━━━━━ TASK DATA
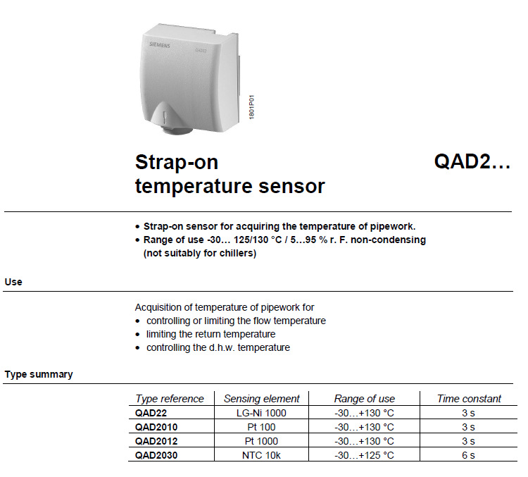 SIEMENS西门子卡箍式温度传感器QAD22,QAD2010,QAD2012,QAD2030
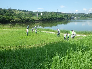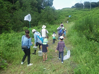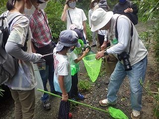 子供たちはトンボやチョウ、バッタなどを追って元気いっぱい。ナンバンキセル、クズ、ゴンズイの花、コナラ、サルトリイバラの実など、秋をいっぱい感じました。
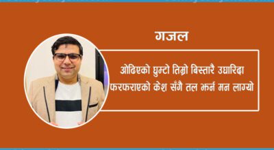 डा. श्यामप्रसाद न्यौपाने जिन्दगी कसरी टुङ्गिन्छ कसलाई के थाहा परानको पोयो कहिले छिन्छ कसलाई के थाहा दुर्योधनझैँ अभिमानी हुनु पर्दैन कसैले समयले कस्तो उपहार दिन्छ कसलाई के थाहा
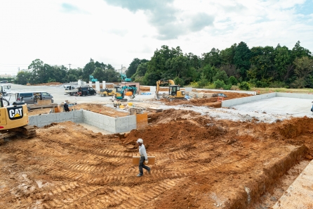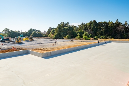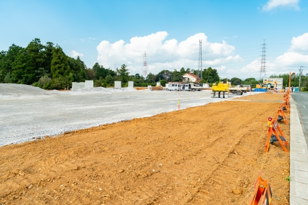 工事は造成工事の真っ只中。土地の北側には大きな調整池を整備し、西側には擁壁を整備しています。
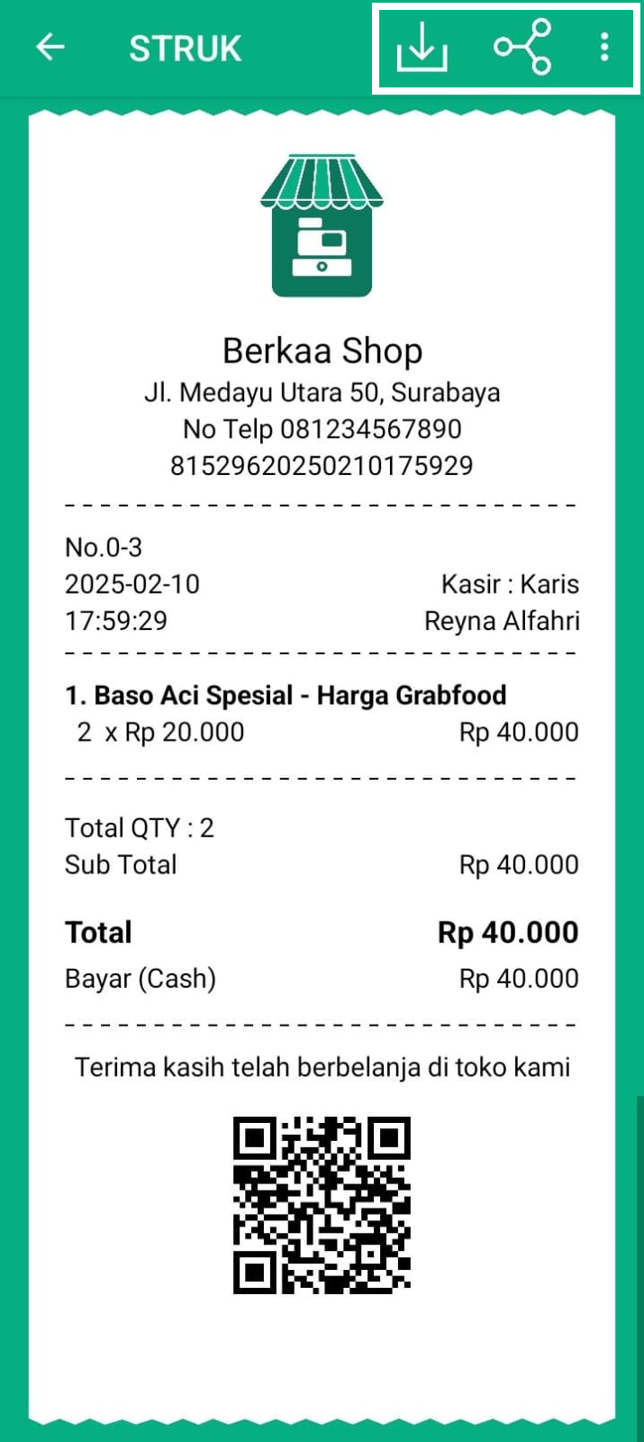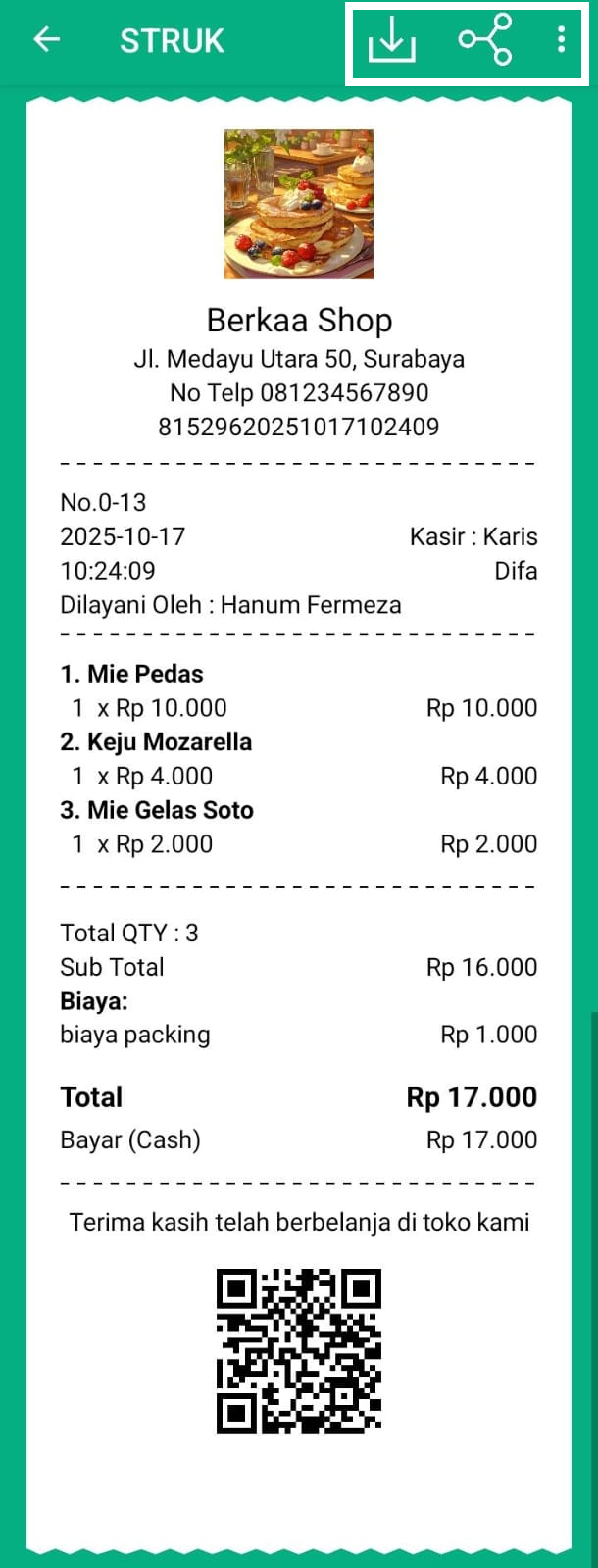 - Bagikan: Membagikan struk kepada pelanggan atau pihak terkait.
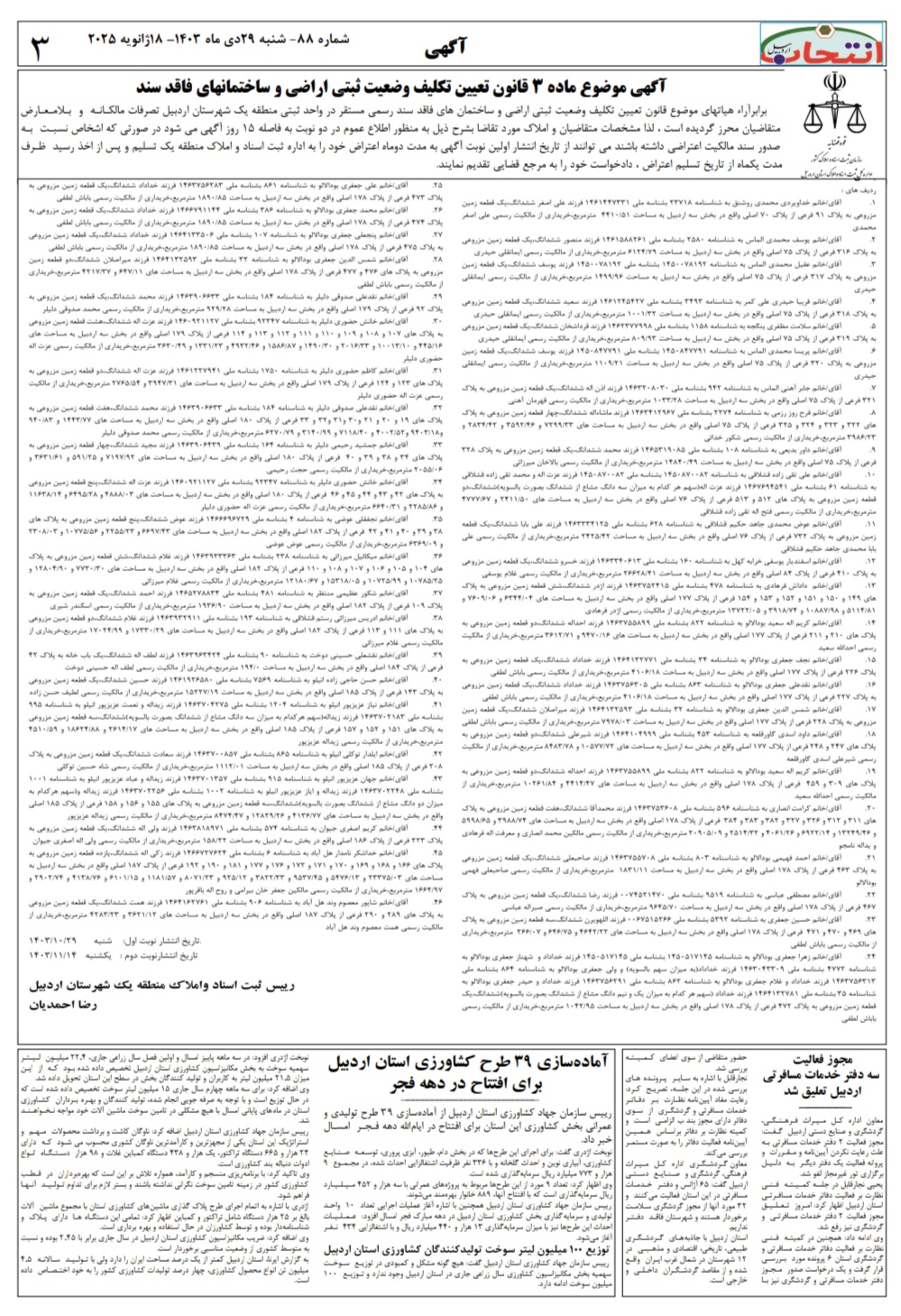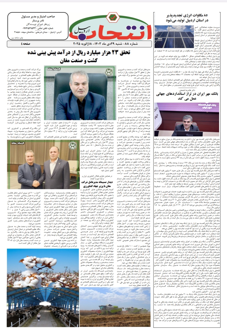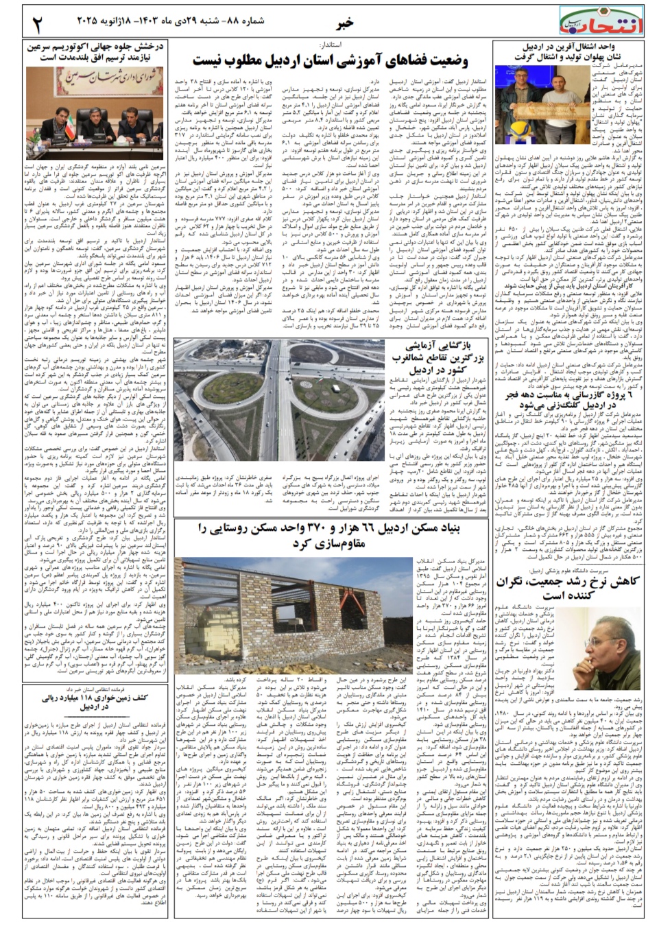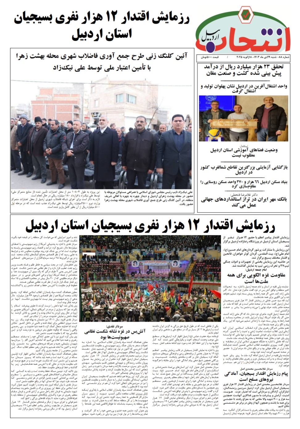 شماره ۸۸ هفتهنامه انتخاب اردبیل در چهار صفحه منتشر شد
━━━━━━━━━━
— DIRECTIONS FOR THIS TASK —
Starting with the line that holds "工事は造成工事の真っ只中。土", repeat exactly every line through the end of the material above, both ends included, without the pictures.

— RESULT FOR THIS EXERCISE —
 工事は造成工事の真っ只中。土地の北側には大きな調整池を整備し、西側には擁壁を整備しています。
 - Bagikan: Membagikan struk kepada pelanggan atau pihak terkait.
 شماره ۸۸ هفتهنامه انتخاب اردبیل در چهار صفحه منتشر شد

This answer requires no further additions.